La Roberts, però, riesce a suo modo ad uscire indenne dai cliché, realizzando un lavoro maturo, dal carattere forte che punta dritto al cuore delle questioni che mette sul tavolo. Coin Coin Chapter Four: Memphis passa da momenti di avanguardia jazz, tinta di un misticismo ancestrale, a sferzate recitative che suonano come rabbiosi sermoni postmoderni. Vibrafoni, metallofoni e suoni della tradizione africana si combinano al sax della Roberts, elegante quanto acido, che con indiscusso carisma genera atmosfere dal sapore Dixieland o conduce l’ascoltatore direttamente nel South Side di Chicago. L’interpretazione vocale della musicista raggiunge il massimo nella ballata in odore di gospel “Her Mighty Waters Run” (un canto dell’anima di un popolo, fuori dalla retorica rituale religiosa), mettendo in mostra tutte le potenzialità tecniche oltre che poetiche di un disco davvero pregevole.

Matana Roberts si aggira per territori molto difficili. Ambisce, come si diceva, alla mescolanza di significati e all’alternanza di linguaggi sin troppo differenti tra loro. In qualche modo rappresenta ella stessa un esperimento, sempre teso tra un bisogno comunicativo forte e un’altrettanto forte vena riflessiva, meditativa. Il suo operato si sviluppa su due piani opposti ma complementari, che la rendono fascinosa e ammaliante: in buona sostanza riesce a coniugare la sua umanità (fragilità comprese) e il suo personale modo espressivo incentrato sull’Azione e sul gesto. Il risultato è un flusso costante e circolare di idee, parole e suoni: non più solo musica, ma espressione pluridisciplinare, gonfia di significati vividi.

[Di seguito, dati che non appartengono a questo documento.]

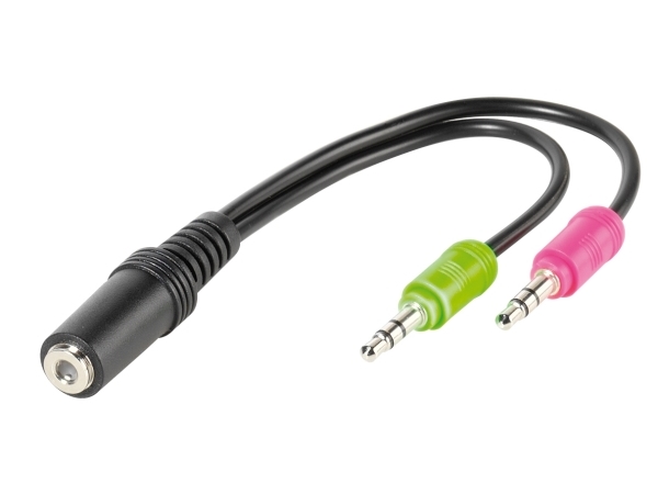 1 x 0,15 m – svart headset Y-adapter, 3,5 mm TRRS-uttag till 2 x 3,5 mm jackkontakt, stereo mikrofon, CTIA, gjuten kontakt

Per questo happening di lotta e liberazione la Roberts ha riunito una nuova band: i newyorkesi Hannah Marcus (chitarre, violino, fisarmonica) e il percussionista Ryan Sawyer sono insieme al bassista Montréal Nicolas Caloia e il compositore Montréal-Cairo Sam Shalabi alla chitarra e all’oud, più il prolifico trombonista Steve Swell e il vibrafonista Ryan White come ospiti speciali.